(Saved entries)
● ● ● ●

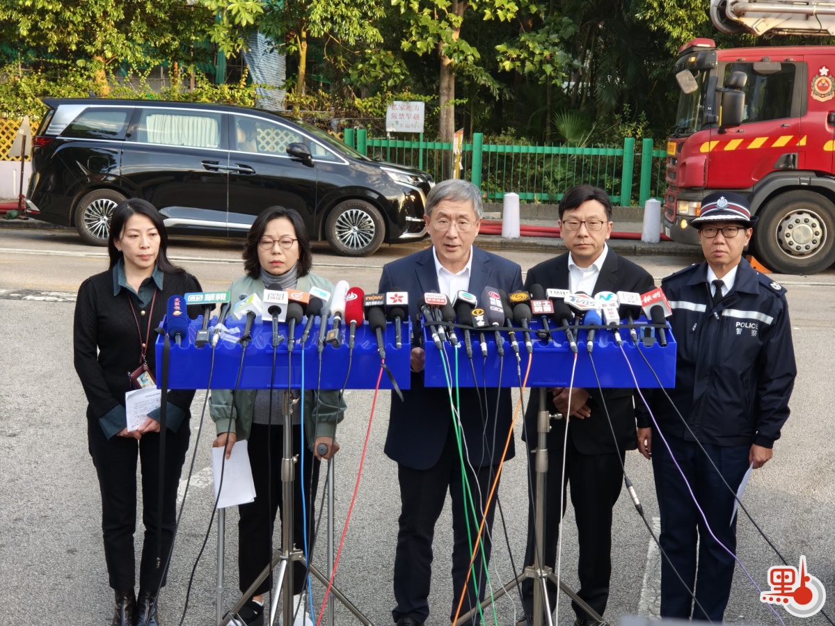 【點新聞報道】大埔宏福苑11月26日下午發生五級大火,造成多人死傷。今日(29日)下午,政務司副司長卓永興、民政及青年事務局局長麥美娟、勞工及福利局局長孫玉菡、警務處新界北總區指揮官助理處長林敏嫻、警務處傷亡查詢中心主管總警司曾淑賢等政府官員,在宏福苑火警現場視察,向相關人員了解情況後見記者。
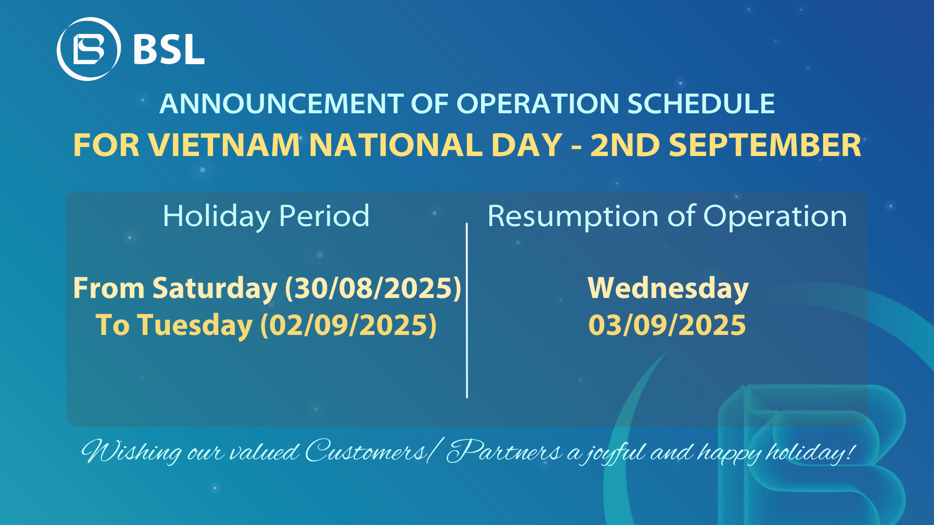 BIDV-SuMi TRUST Leasing Co., Ltd (BSL) would like to inform our valued Customers/Partners of BSL’s operations schedule for Vietnam National Day – 2nd September as follows:
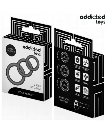 Questo set di anelli per il pene Addicted Toys include tre anelli di diverse dimensioni, progettati per fornire una stimolazione intensa e prestazioni migliorate. Ogni anello è realizzato con materiali di alta qualità per garantire comfort e durata durante l39uso.
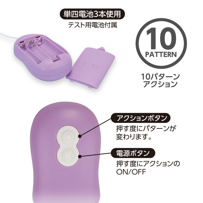 コードがコントローラーの下側から出ているのでセルフプレイの時も通常時もコードの煩わしさが軽減されたスタイリッシュデザインローター登場。単四電池3本を使用した4.5Vの強力振動マイクロモーター搭載の小径ローターに可愛いカラーバリエーション、さらにマット加工を施し、上質を極めた新型ローターです。10パターンアクション・ワンプッシュで簡単にON/OFF操作可能です。本体色:パープル【本体サイズ】コントローラーH80xW44xD25mm/ローターH40x直径18mm付属品:単四電池3本商品重量:105g
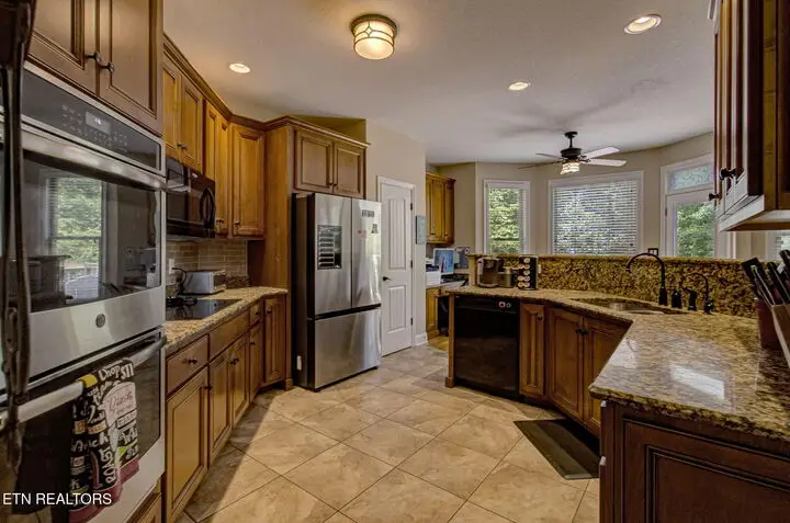 Nestled on 5.43 acres this home offers so many special things. Main level living Primary bedroom with double tray ceiling and walk in shower and a soaker tub. Two other bedrooms with a bath a laundry room. Kitchen with wall ovens a induction smooth cooktop does have a gas outlet if you want to convert and also has a nice breakfast area looking out on the patio and the woods with access to deck for grilling meals. Great room with a fireplace and a formal dining area complete this level. There is a bedroom suite upstairs with a bath and hidden office. A walk-in full attic storage area that can be finished for a bonus room. Lower level features living area/ Bedroom studio and full bath with access to outdoor patio, a well appointed Wet Bar and Game room, Indoor Spa room with access to outdoor patio. The kitchen with double ovens, fridge. Tons of storage areas and a workshop. The lower patio area has a fenced back yard for your animals or play area to go out and enjoy the outdoors. 2 Car garage with a portable ramp for easy access into the home if needed. Oh did I mention the whole house generator all located in a Gated community on Watts Bar Lake. If you saw this house before the floors have all been refinished and new carpet, new HVAC. Please visit us again it is time to sell.
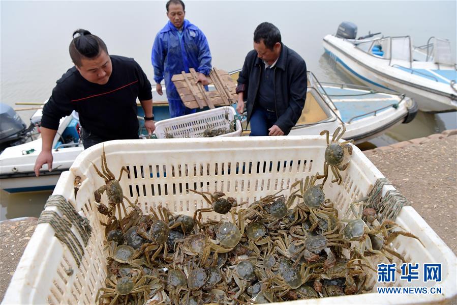 11月6日,在江西省南昌市进贤县军山湖大闸蟹养殖水域,当地水产养殖公司的工作人员将捕捞的大闸蟹搬运上岸。 新华社记者彭昭之摄
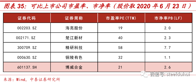 相对估值:我们选取相关铜合金加工企业,按照2020年6月23日收盘数据,对比上市公司市盈率、市净率情况如下表,博威合金目前估值处于行业偏低水平,考虑其未来成长性,预计2020-2022年PE为18X/14X/12X。
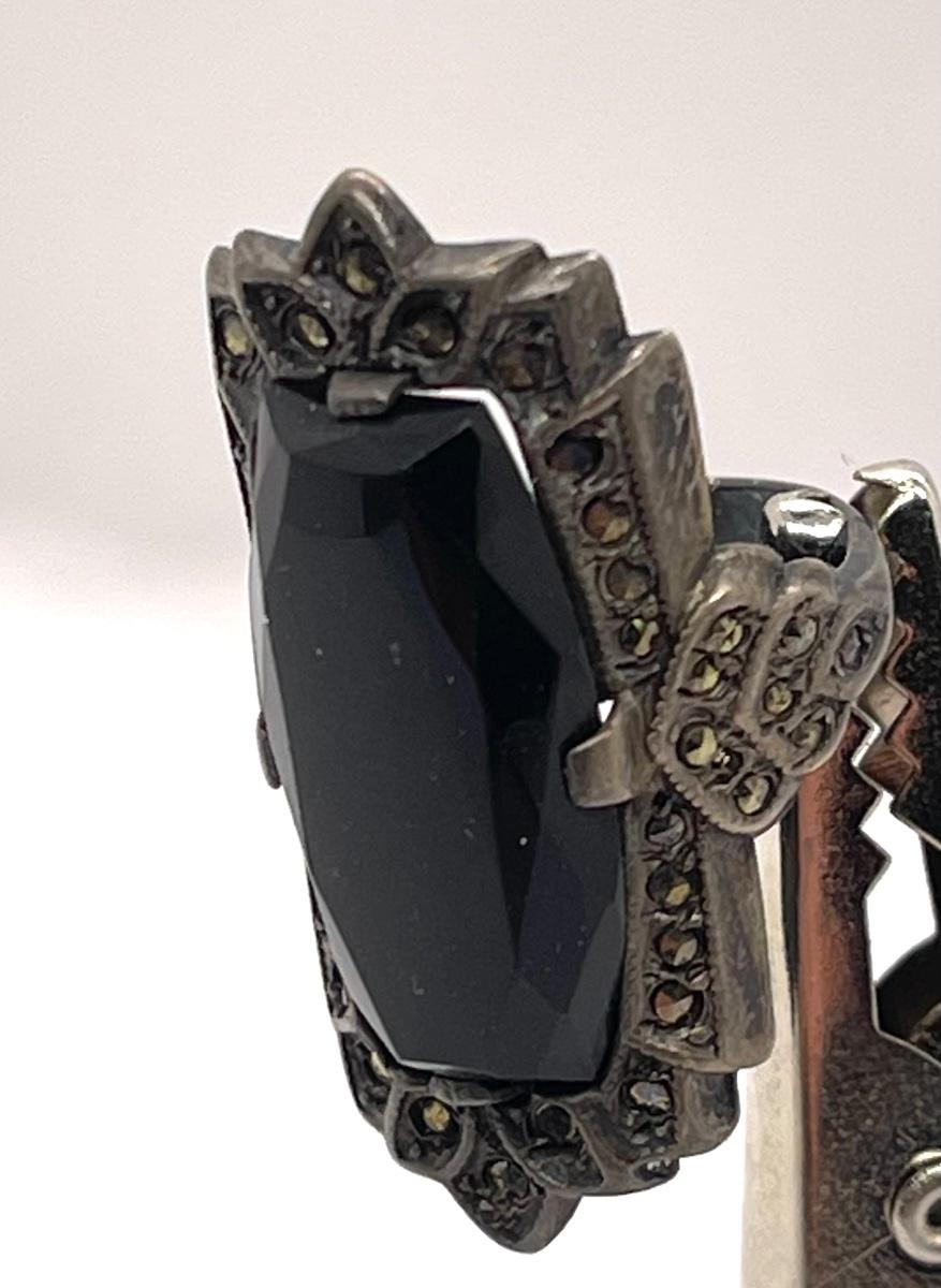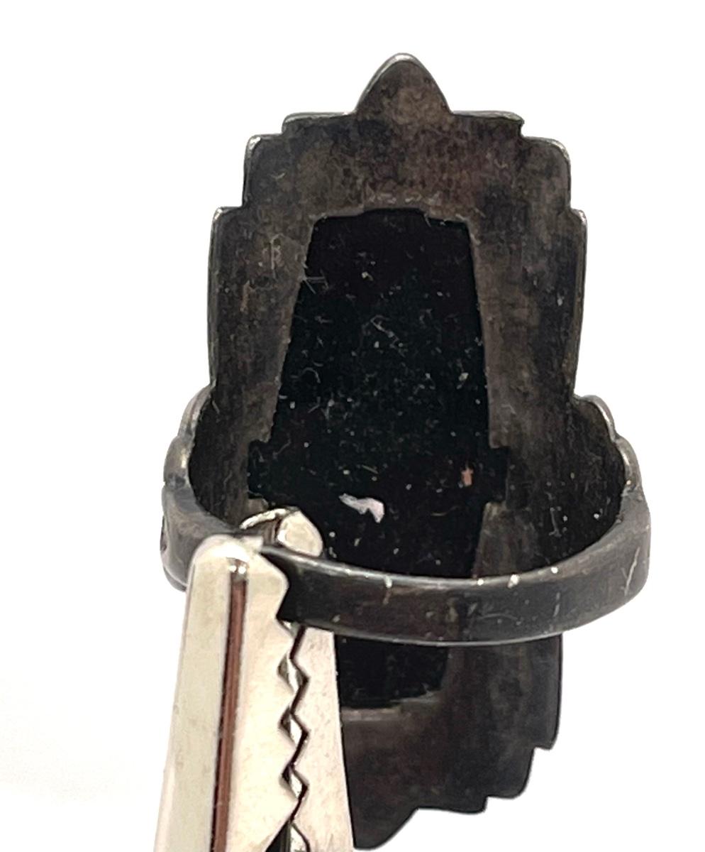 In fair condition, stone is a little loose. Size 4. Ring face is approx 1" x 0.5"

● ● ● ●

TASK TO COMPLETE - Would you output only the span of the records above that opens with the line containing "BIDV-SuMi TRUST Leasing" and closes with the line containing "コードがコントローラーの下側", ends included and pictures dropped?

ANSWER SECTION -
 BIDV-SuMi TRUST Leasing Co., Ltd (BSL) would like to inform our valued Customers/Partners of BSL’s operations schedule for Vietnam National Day – 2nd September as follows:
 Questo set di anelli per il pene Addicted Toys include tre anelli di diverse dimensioni, progettati per fornire una stimolazione intensa e prestazioni migliorate. Ogni anello è realizzato con materiali di alta qualità per garantire comfort e durata durante l39uso.
 コードがコントローラーの下側から出ているのでセルフプレイの時も通常時もコードの煩わしさが軽減されたスタイリッシュデザインローター登場。単四電池3本を使用した4.5Vの強力振動マイクロモーター搭載の小径ローターに可愛いカラーバリエーション、さらにマット加工を施し、上質を極めた新型ローターです。10パターンアクション・ワンプッシュで簡単にON/OFF操作可能です。本体色:パープル【本体サイズ】コントローラーH80xW44xD25mm/ローターH40x直径18mm付属品:単四電池3本商品重量:105g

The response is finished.